For comparative purposes, Petroleum Energy Center researchers at Nippon Mitsubishi Oil Corp., Tokyo, also operated a conventional riser-pilot plant at similar reactor conditions.
Fig. 1 illustrates the difference between downer and riser flows.
At 80 wt % conversion, the downer system had 22% more gasoline production than the riser system. Although the production of C2-C4 light olefins in the downer was high at 23 wt %, it was lower than light olefins production from the riser as a result of gasoline overcracking in the riser.
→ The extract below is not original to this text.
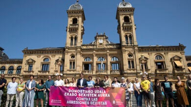 El alcalde, Eneko Goiase y el resto de la Corporación municipal del Ayuntamiento de San Sebastián se concentraron frente al Ayuntamiento paramostrar su repulsa a estos actos y el rechazo a las agresiones sexuales que tuvieron lugar en la ciudad.

Yields of undesirable dry gas, coke, and 1,3 butadiene in the downer reactor were much lower. The results confirmed reduced thermal cracking and back-mixing in the downer-system configuration.
Based on these results, the two partners are designing a 30 b/d demonstration unit, to be built in 2002 near a Saudi refinery.
How to maximize yields
The increasing demand for light olefins, mainly propylene, for petrochemical feedstock1-4 has driven many FCCU operators to maximize their yields. The production of petrochemical feedstocks is economically attractive for refineries integrated with petrochemical plants.
Light olefins are also used to make reformulated-gasoline blending components such as methyl tertiary butyl ether (MTBE), tertiary amyl methyl ether (TAME), and alkylate.
About 14 million tonnes/year (or 30% of world supply) of propylene are a by-product of the FCCU. About 90% of this FCCU propylene goes to alkylate production.5
Generally, companies use three operating philosophies to maximize light olefins in conventional FCC units:5-7
- Increase riser-outlet temperature (increase severity). A conventional FCCU typically operates at low to moderate severity (510-530° C. riser outlet) with the flexibility to swing between maximum gasoline and maximum distillate modes.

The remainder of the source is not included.